**REQUIREMENT:** Exclude the pictures and repeat all of the data exactly.

**INPUT MATERIAL:**

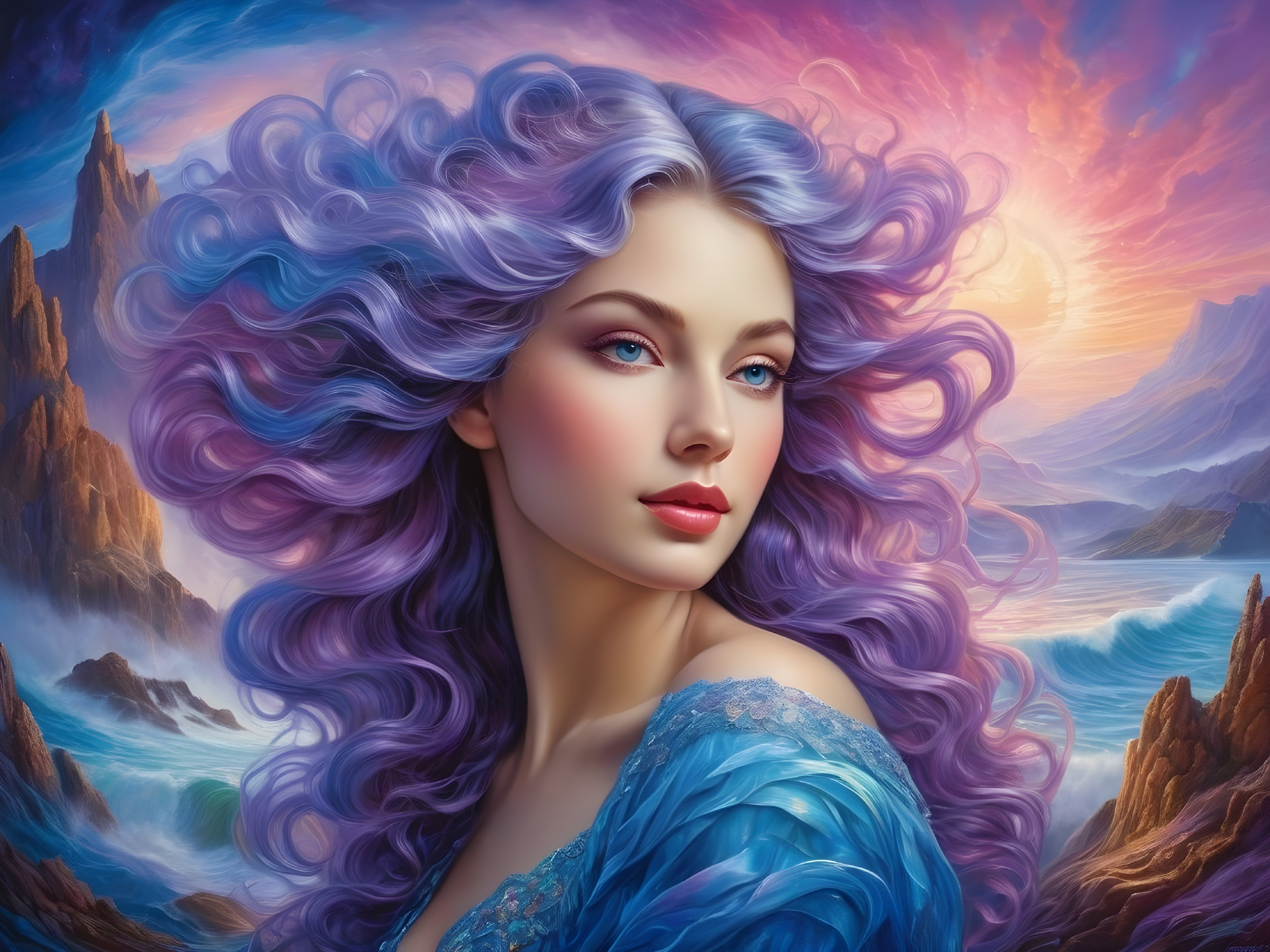 A beautiful woman with flowing purple hair gazes thoughtfully into the distance. She wears a soft blue dress, surrounded by a vibrant, dreamlike landscape of mountains and ocean.
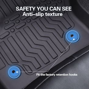 - Segurança aprimorada: o design antiderrapante desses tapetes de escape de 2013 garante que eles permaneçam seguros no lugar, em qualquer possível acidente causado pela troca de tapetes durante a condução. Suas bordas elevadas também ajudam a impedir que qualquer líquido ou detrito se espalhe para outras áreas do carro.
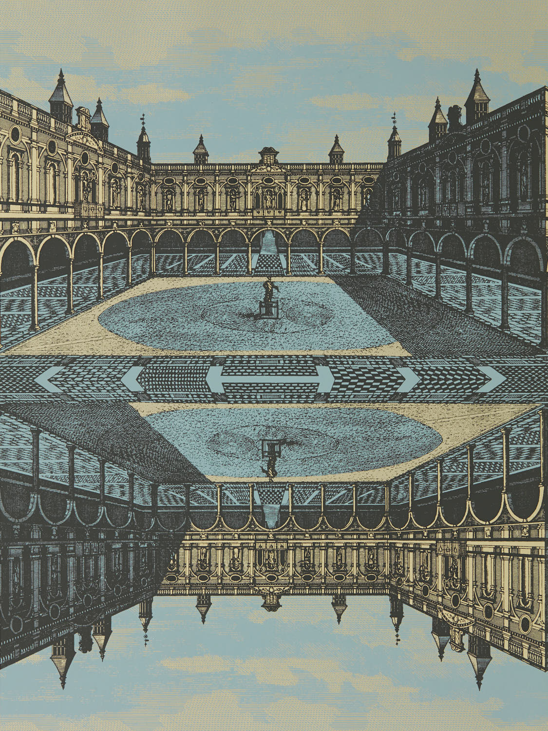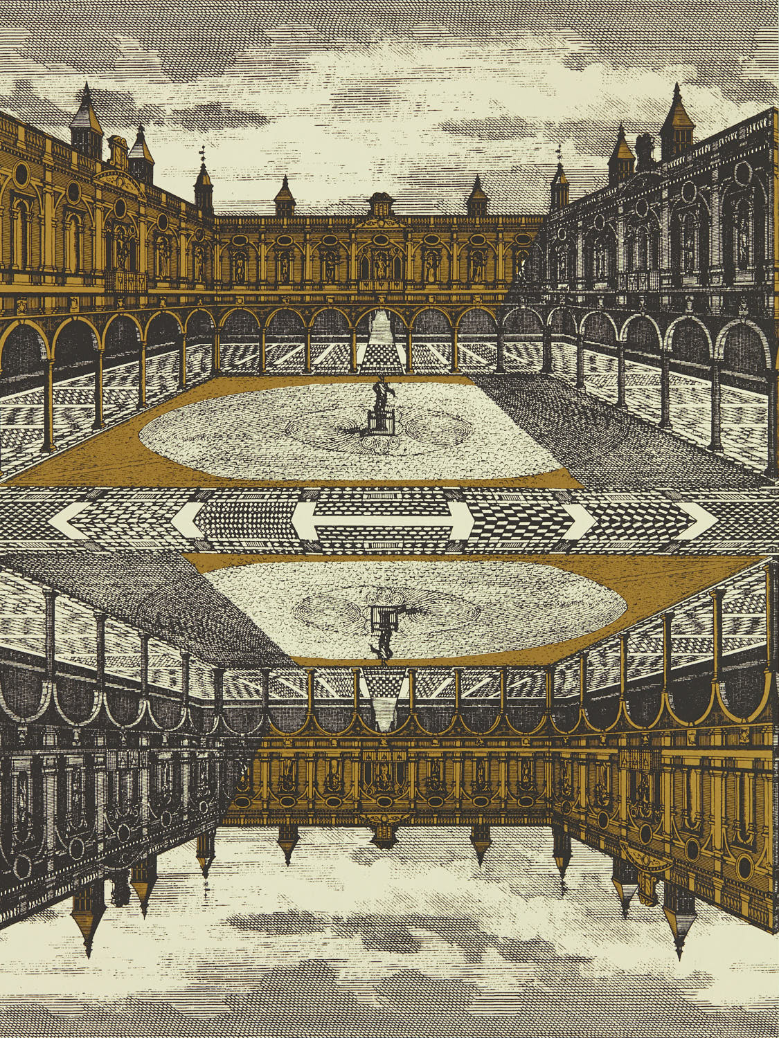 Atmospheric and opulent, this captivating paper displays a dramatic and iconic scene. Designed in 1965 by Robert Nicholson and originally hung horizontally, we believe a famous 1644 Wenceslaus Holland etching of London’s Royal Exchange inspired the design. The addition of a shimmering Gold represents the wealth of Exchange Square.
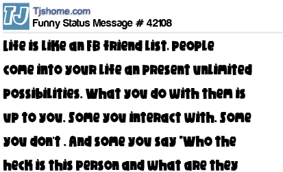 X says Life is like an FB friend list, people come into your life an present unlimited possibilities. What you do with them is up to you. Some you interact with. Some you don't . And some you say "Who the heck is this person and what are they doing in my life?
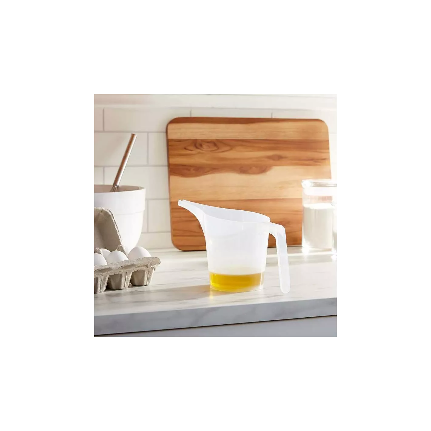 ¡Mida y vierta desde el mismo recipiente! La taza de medición Fox Run Easy Pour presenta un diseño único que brinda una comodidad increíble para cocinar y hornear. Hecho de plástico transparente duradero, la taza medidora tiene una gran capacidad de 3.5 tazas con una boca de vertido larga. ¡Vierte la masa con precisión en moldes para magdalenas o en una plancha para hacer panqueques sin desorden! No más masa corriendo por los lados de su taza de medir y sobre sus encimeras. Funciona mejor con masas finas y líquidos. El estilo de la jarra de embudo de este contenedor de medición también es ideal para enlatar, hacer jabón, hacer velas, regar plantas, líquidos automotrices y más. Mide con una herramienta que te permite canalizar cuidadosamente el contenido para obtener menos desorden.
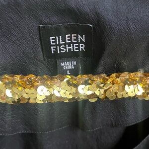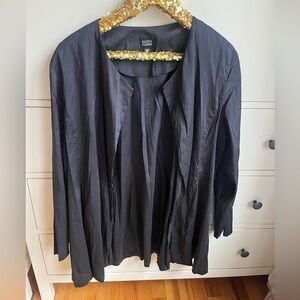 Eileen Fisher 100% Silk Black Open-Front Long Drapey Cardigan with Pockets
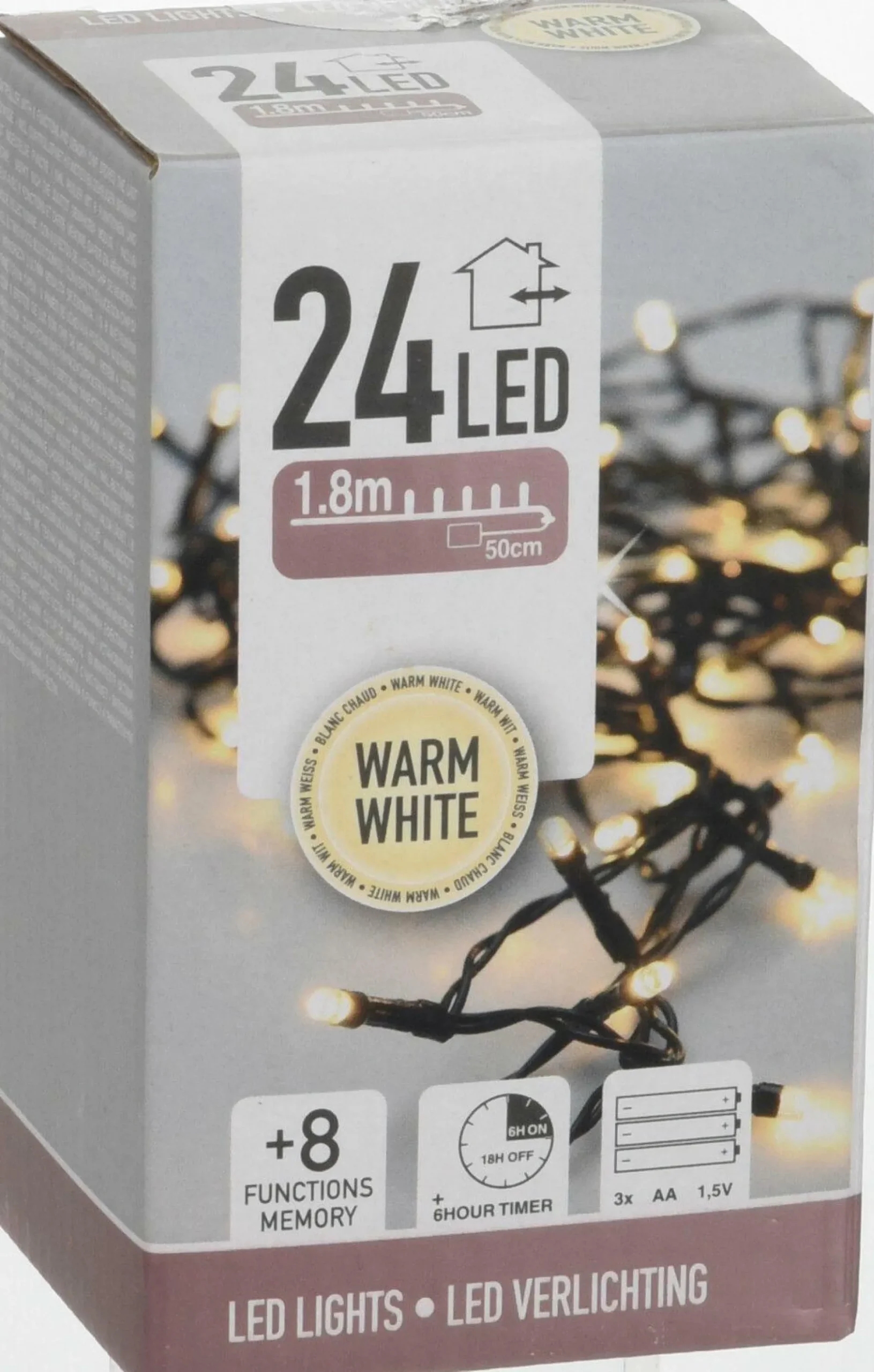 Mit der Lichterkette LED OUTDOOR tauchen Sie Ihre Umgebung in ein angenehmes Licht. Die Lichterkette ist mit 24 Lichtern ausgestattet und für den Außenbereich geeignet. Vor allem um das Geländer von Balkon oder Terrasse gewickelt, setzt sich die Lichterkette hervorragend in Szene. Das Zuleitungskabel hat eine Länge von 50 cm. Dank eines Timers lässt sich die Lichterkette automatisch ein- und ausschalten. Für diese Lichterkette werden 3 x AA Batterien benötigt, welche nicht im Lieferumfang enthalten sind. Über acht Funktionsregler können Sie die Lichterkette nach Ihren individuellen Wünschen einstellen.
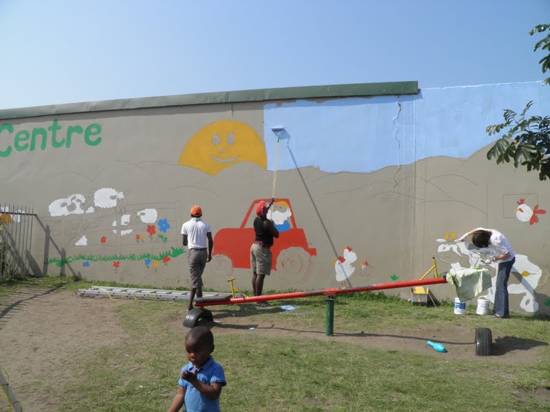 Last week several ladies got together to help our friend, Liezel Essop, paint a local creche.The Kwa Mama Care Center is situated in Shaka’s Head. At Kwa Mama they collect crumbs and create purpose on a daily basis. Child care is provided free of charge to any child who lives in Shaka’s Head. The center also provides opportunities for around 30 unemployed residents of this community. Each child gets feed two meals a day and have access to a library of knowledge for preschool and after school care.
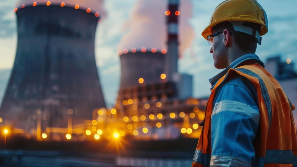 Worker in hard hat and orange safety vest at an industrial site with cooling towers in the background at dusk.
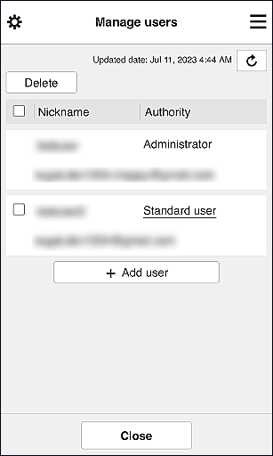 นอกจากนี้ หากคุณใช้เครื่องพิมพ์ MAXIFY series และได้เลือก โหมดหลายผู้ใช้(Multiuser mode) ใน หน้าจอ จัดการเครื่อง(Mng. printer) เฉพาะผู้ดูแลระบบเท่านั้นที่สามารถเพิ่ม ลบ และเรียงลำดับแอพ - หากคุณจัดการแอพที่ใช้งานได้ตามผู้ใช้ ผู้ใช้ทุกคนจะสามารถเพิ่ม ลบ และเรียงลำดับแอพได้ โดยไม่คำนึงถึงการตั้งค่า โหมดหลายผู้ใช้(Multiuser mode)
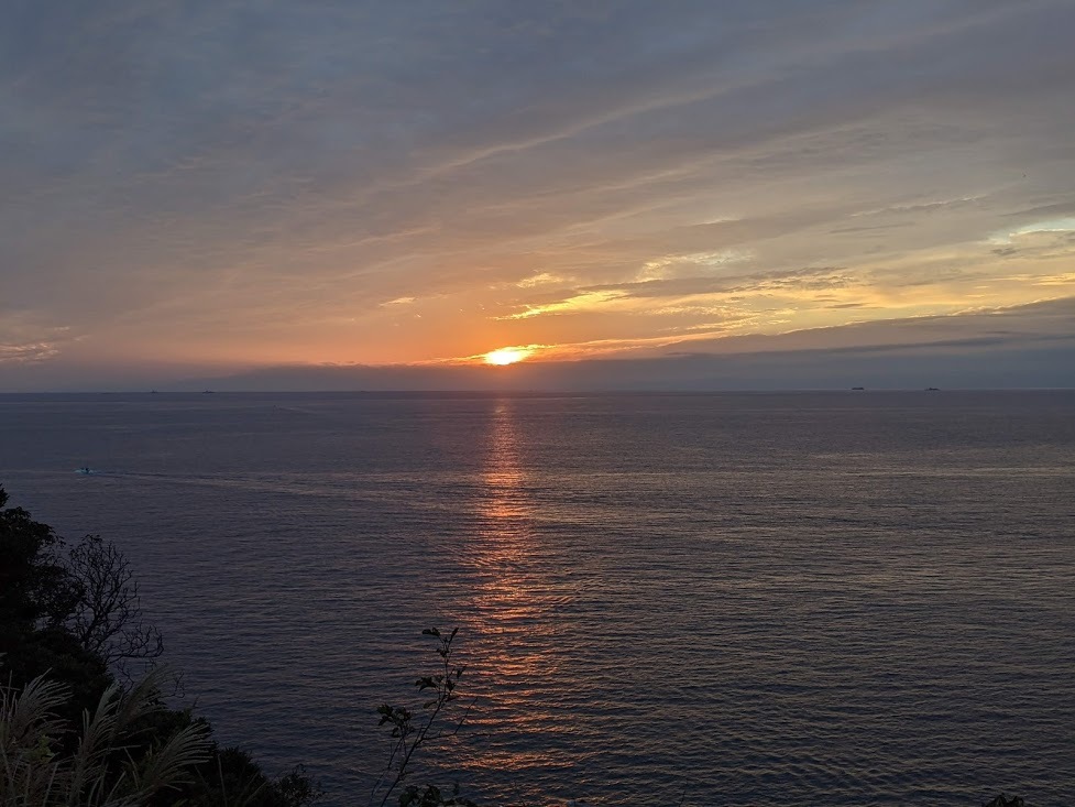 大房岬キャンプ場の展望台から見える浦賀水道越しに見た夕日。
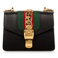 The Gucci Sylvie is one of those bags that became a classic the moment it landed in stores. Featuring the brand’s signature green and red front fabric stripe and a charming gold tone hardware chain strap, this mini Gucci baby is an absolute must-have. With a gold buckle chain prominently depicted on the front flap, the Sylvie is luxurious, glamorous and the perfect accessory to compliment to anything you may have in your wardrobe. Whether you dress the Sylvie up or down, you can be sure this “understated statement” is the ideal accessory for any occasion. Sleek, stylish, sophisticated, but youthful and playful at the same time, the Sylvie is a well-worthy addition to any luxury handbag collection.
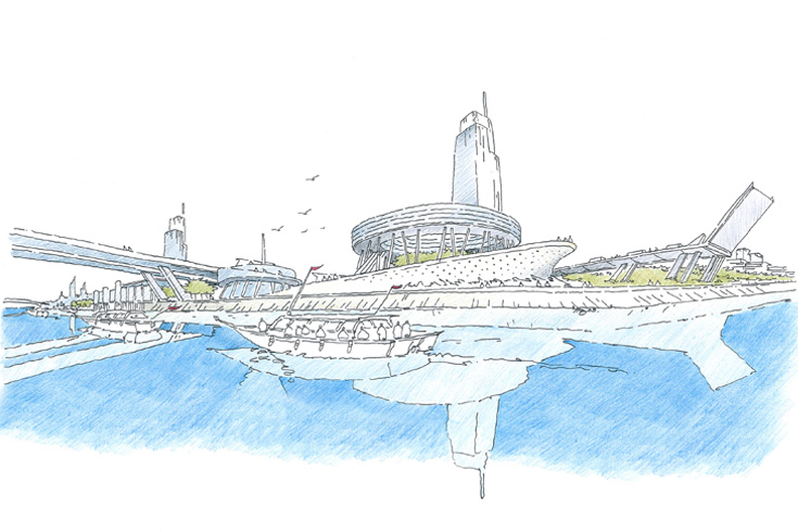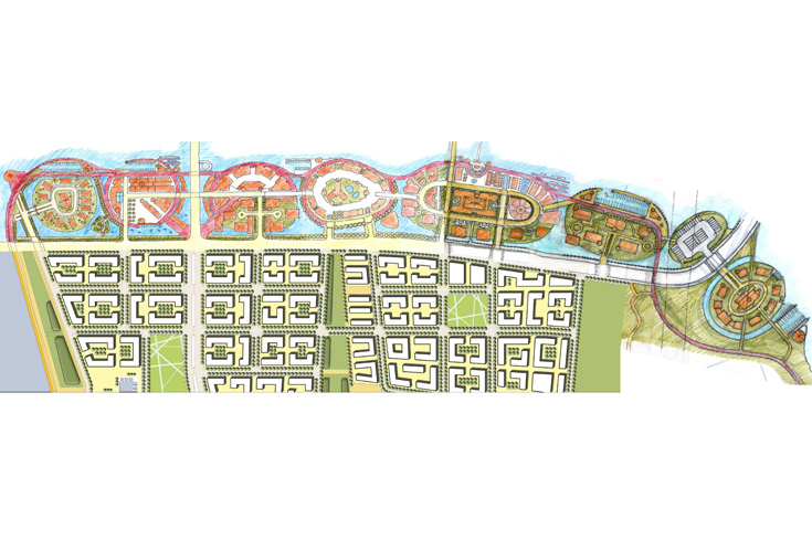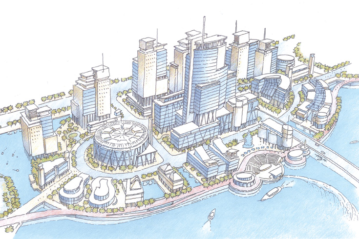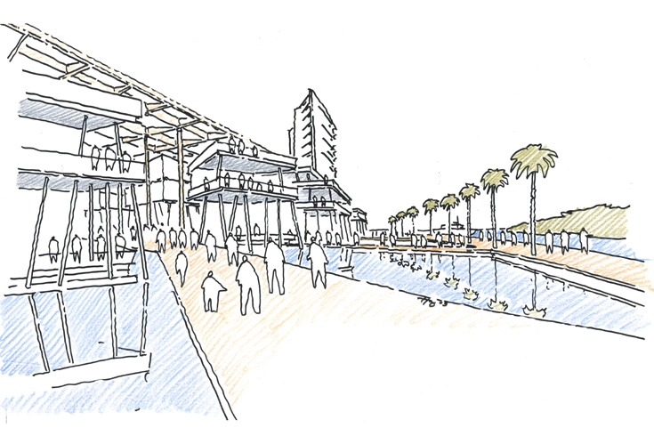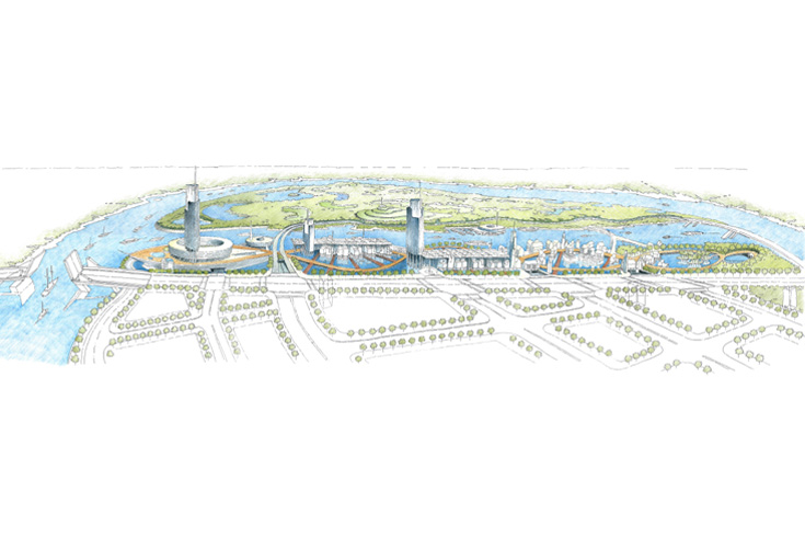 "Dockside at Figure 8", is a 1.5km long waterfront playground for Tianjin’s new Binhai District. An undulating boardwalk that forms a series of 8’s, encircles 8 distinct islands of activity along a historic canal. On its west end, the buildings are large and dramatic that responds to the city core, and steps down in scale as it moves toward the east end, integrating with the adjacent city park. Howard Rideout is the chief designer of this project as a consultant to B+H Architects, Shanghai.

**RESPONSE TO THE TASK:**
 A beautiful woman with flowing purple hair gazes thoughtfully into the distance. She wears a soft blue dress, surrounded by a vibrant, dreamlike landscape of mountains and ocean.
 - Segurança aprimorada: o design antiderrapante desses tapetes de escape de 2013 garante que eles permaneçam seguros no lugar, em qualquer possível acidente causado pela troca de tapetes durante a condução. Suas bordas elevadas também ajudam a impedir que qualquer líquido ou detrito se espalhe para outras áreas do carro.
 Atmospheric and opulent, this captivating paper displays a dramatic and iconic scene. Designed in 1965 by Robert Nicholson and originally hung horizontally, we believe a famous 1644 Wenceslaus Holland etching of London’s Royal Exchange inspired the design. The addition of a shimmering Gold represents the wealth of Exchange Square.
 X says Life is like an FB friend list, people come into your life an present unlimited possibilities. What you do with them is up to you. Some you interact with. Some you don't . And some you say "Who the heck is this person and what are they doing in my life?
 ¡Mida y vierta desde el mismo recipiente! La taza de medición Fox Run Easy Pour presenta un diseño único que brinda una comodidad increíble para cocinar y hornear. Hecho de plástico transparente duradero, la taza medidora tiene una gran capacidad de 3.5 tazas con una boca de vertido larga. ¡Vierte la masa con precisión en moldes para magdalenas o en una plancha para hacer panqueques sin desorden! No más masa corriendo por los lados de su taza de medir y sobre sus encimeras. Funciona mejor con masas finas y líquidos. El estilo de la jarra de embudo de este contenedor de medición también es ideal para enlatar, hacer jabón, hacer velas, regar plantas, líquidos automotrices y más. Mide con una herramienta que te permite canalizar cuidadosamente el contenido para obtener menos desorden.
 Eileen Fisher 100% Silk Black Open-Front Long Drapey Cardigan with Pockets
 Mit der Lichterkette LED OUTDOOR tauchen Sie Ihre Umgebung in ein angenehmes Licht. Die Lichterkette ist mit 24 Lichtern ausgestattet und für den Außenbereich geeignet. Vor allem um das Geländer von Balkon oder Terrasse gewickelt, setzt sich die Lichterkette hervorragend in Szene. Das Zuleitungskabel hat eine Länge von 50 cm. Dank eines Timers lässt sich die Lichterkette automatisch ein- und ausschalten. Für diese Lichterkette werden 3 x AA Batterien benötigt, welche nicht im Lieferumfang enthalten sind. Über acht Funktionsregler können Sie die Lichterkette nach Ihren individuellen Wünschen einstellen.
 Last week several ladies got together to help our friend, Liezel Essop, paint a local creche.The Kwa Mama Care Center is situated in Shaka’s Head. At Kwa Mama they collect crumbs and create purpose on a daily basis. Child care is provided free of charge to any child who lives in Shaka’s Head. The center also provides opportunities for around 30 unemployed residents of this community. Each child gets feed two meals a day and have access to a library of knowledge for preschool and after school care.
 Worker in hard hat and orange safety vest at an industrial site with cooling towers in the background at dusk.
 นอกจากนี้ หากคุณใช้เครื่องพิมพ์ MAXIFY series และได้เลือก โหมดหลายผู้ใช้(Multiuser mode) ใน หน้าจอ จัดการเครื่อง(Mng. printer) เฉพาะผู้ดูแลระบบเท่านั้นที่สามารถเพิ่ม ลบ และเรียงลำดับแอพ - หากคุณจัดการแอพที่ใช้งานได้ตามผู้ใช้ ผู้ใช้ทุกคนจะสามารถเพิ่ม ลบ และเรียงลำดับแอพได้ โดยไม่คำนึงถึงการตั้งค่า โหมดหลายผู้ใช้(Multiuser mode)
 大房岬キャンプ場の展望台から見える浦賀水道越しに見た夕日。
 The Gucci Sylvie is one of those bags that became a classic the moment it landed in stores. Featuring the brand’s signature green and red front fabric stripe and a charming gold tone hardware chain strap, this mini Gucci baby is an absolute must-have. With a gold buckle chain prominently depicted on the front flap, the Sylvie is luxurious, glamorous and the perfect accessory to compliment to anything you may have in your wardrobe. Whether you dress the Sylvie up or down, you can be sure this “understated statement” is the ideal accessory for any occasion. Sleek, stylish, sophisticated, but youthful and playful at the same time, the Sylvie is a well-worthy addition to any luxury handbag collection.
 "Dockside at Figure 8", is a 1.5km long waterfront playground for Tianjin’s new Binhai District. An undulating boardwalk that forms a series of 8’s, encircles 8 distinct islands of activity along a historic canal. On its west end, the buildings are large and dramatic that responds to the city core, and steps down in scale as it moves toward the east end, integrating with the adjacent city park. Howard Rideout is the chief designer of this project as a consultant to B+H Architects, Shanghai.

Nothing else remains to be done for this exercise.